- Opening Delimiter -

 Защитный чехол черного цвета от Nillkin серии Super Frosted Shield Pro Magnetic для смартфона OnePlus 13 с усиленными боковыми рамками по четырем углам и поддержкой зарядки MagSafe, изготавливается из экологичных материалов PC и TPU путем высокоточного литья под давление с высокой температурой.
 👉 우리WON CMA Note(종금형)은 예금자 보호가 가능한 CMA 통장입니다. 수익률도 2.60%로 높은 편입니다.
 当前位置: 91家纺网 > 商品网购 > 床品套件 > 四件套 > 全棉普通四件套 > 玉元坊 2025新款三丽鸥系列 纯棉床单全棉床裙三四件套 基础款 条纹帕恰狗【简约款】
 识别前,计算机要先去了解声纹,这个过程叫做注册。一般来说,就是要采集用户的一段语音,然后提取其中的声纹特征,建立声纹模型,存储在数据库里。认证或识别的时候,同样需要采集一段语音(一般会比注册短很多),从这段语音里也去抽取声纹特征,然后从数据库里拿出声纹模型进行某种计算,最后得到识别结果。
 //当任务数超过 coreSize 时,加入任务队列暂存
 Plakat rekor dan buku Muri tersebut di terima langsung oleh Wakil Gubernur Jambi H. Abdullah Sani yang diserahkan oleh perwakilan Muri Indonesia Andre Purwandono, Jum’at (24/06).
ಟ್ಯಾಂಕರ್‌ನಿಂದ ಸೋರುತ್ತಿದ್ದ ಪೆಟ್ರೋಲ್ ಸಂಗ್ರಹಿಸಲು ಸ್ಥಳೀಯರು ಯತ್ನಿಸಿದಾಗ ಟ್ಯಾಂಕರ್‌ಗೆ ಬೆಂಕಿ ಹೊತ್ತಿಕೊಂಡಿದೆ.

- Closing Delimiter -
- Opening Delimiter -

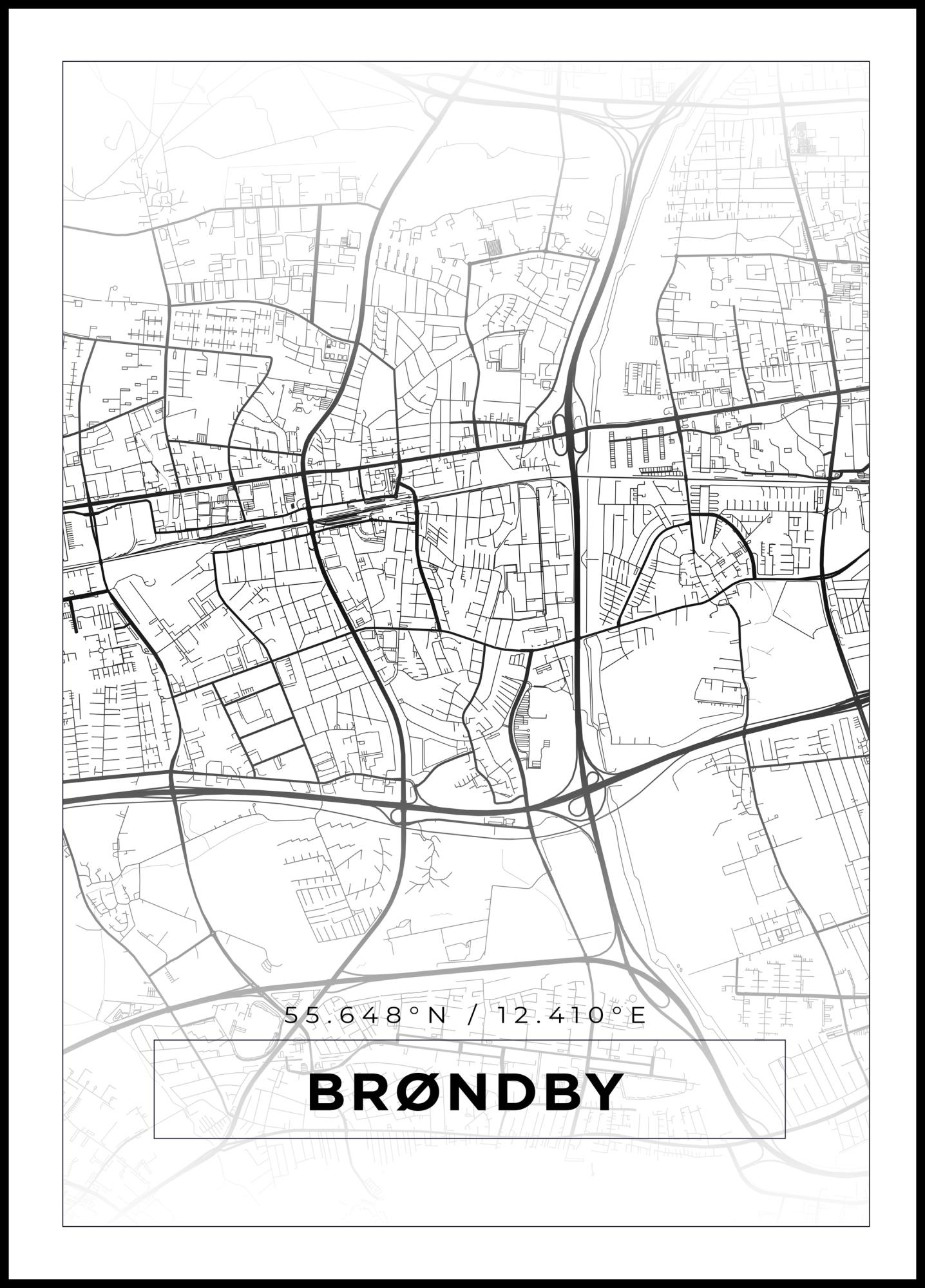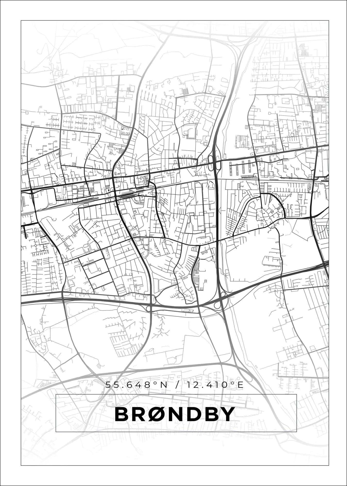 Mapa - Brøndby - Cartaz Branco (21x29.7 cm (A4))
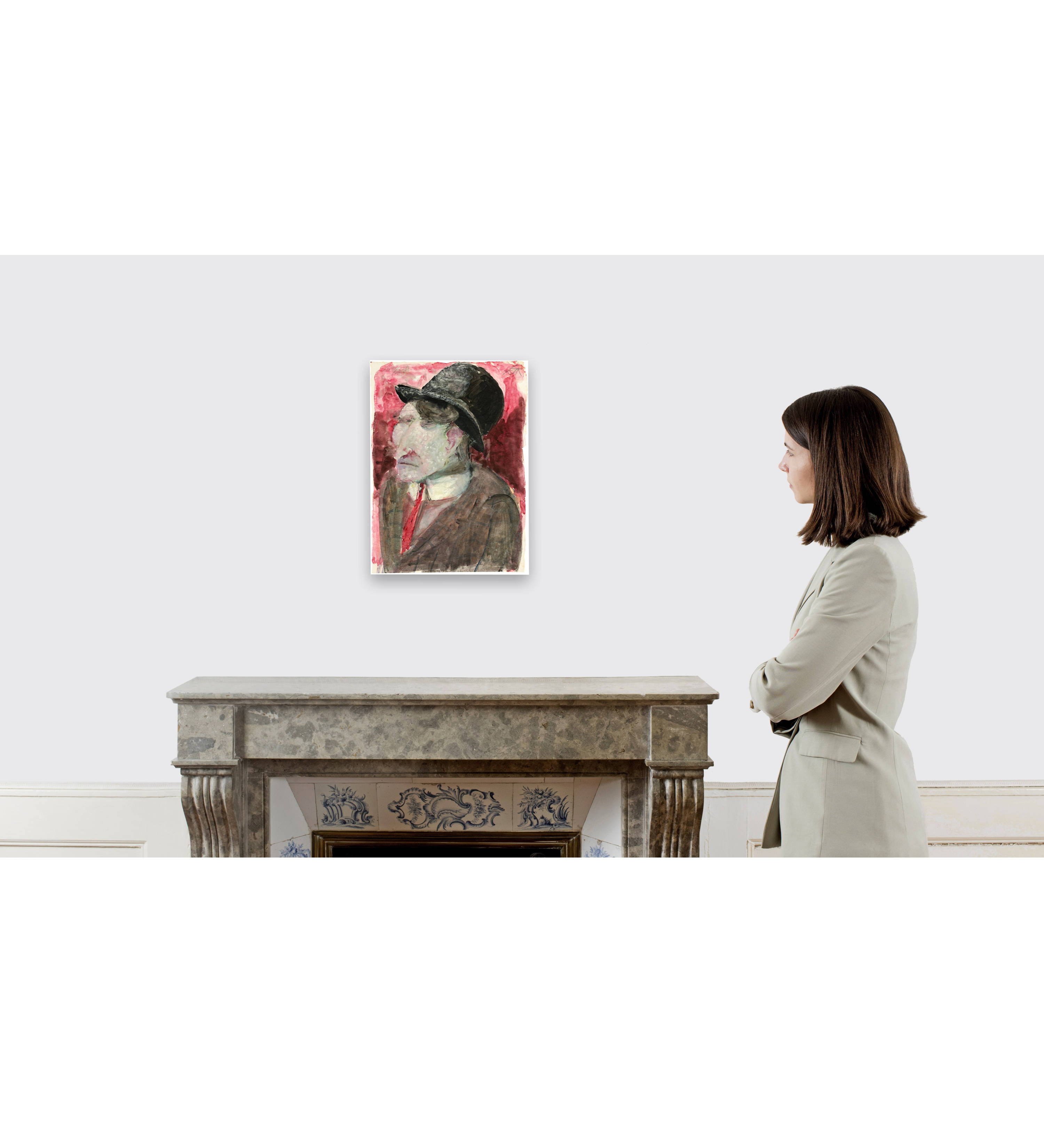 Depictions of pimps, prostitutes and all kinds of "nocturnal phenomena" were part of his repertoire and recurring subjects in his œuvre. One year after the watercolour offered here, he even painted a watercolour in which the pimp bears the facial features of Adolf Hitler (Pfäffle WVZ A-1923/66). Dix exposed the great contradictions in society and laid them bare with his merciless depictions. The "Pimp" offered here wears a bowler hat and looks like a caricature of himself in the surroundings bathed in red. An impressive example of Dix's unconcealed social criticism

- Closing Delimiter -

» **ASSIGNMENT**:
The entries above hold the needed span. Transcribe exactly the lines from the one with "Защитный чехол черного" to the one with "ಟ್ಯಾಂಕರ್‌ನಿಂದ ಸೋರುತ್ತಿದ್ದ ಪೆಟ್ರೋಲ್", both included.

» **ANSWER SPACE**:
 Защитный чехол черного цвета от Nillkin серии Super Frosted Shield Pro Magnetic для смартфона OnePlus 13 с усиленными боковыми рамками по четырем углам и поддержкой зарядки MagSafe, изготавливается из экологичных материалов PC и TPU путем высокоточного литья под давление с высокой температурой.
 👉 우리WON CMA Note(종금형)은 예금자 보호가 가능한 CMA 통장입니다. 수익률도 2.60%로 높은 편입니다.
 当前位置: 91家纺网 > 商品网购 > 床品套件 > 四件套 > 全棉普通四件套 > 玉元坊 2025新款三丽鸥系列 纯棉床单全棉床裙三四件套 基础款 条纹帕恰狗【简约款】
 识别前,计算机要先去了解声纹,这个过程叫做注册。一般来说,就是要采集用户的一段语音,然后提取其中的声纹特征,建立声纹模型,存储在数据库里。认证或识别的时候,同样需要采集一段语音(一般会比注册短很多),从这段语音里也去抽取声纹特征,然后从数据库里拿出声纹模型进行某种计算,最后得到识别结果。
 //当任务数超过 coreSize 时,加入任务队列暂存
 Plakat rekor dan buku Muri tersebut di terima langsung oleh Wakil Gubernur Jambi H. Abdullah Sani yang diserahkan oleh perwakilan Muri Indonesia Andre Purwandono, Jum’at (24/06).
ಟ್ಯಾಂಕರ್‌ನಿಂದ ಸೋರುತ್ತಿದ್ದ ಪೆಟ್ರೋಲ್ ಸಂಗ್ರಹಿಸಲು ಸ್ಥಳೀಯರು ಯತ್ನಿಸಿದಾಗ ಟ್ಯಾಂಕರ್‌ಗೆ ಬೆಂಕಿ ಹೊತ್ತಿಕೊಂಡಿದೆ.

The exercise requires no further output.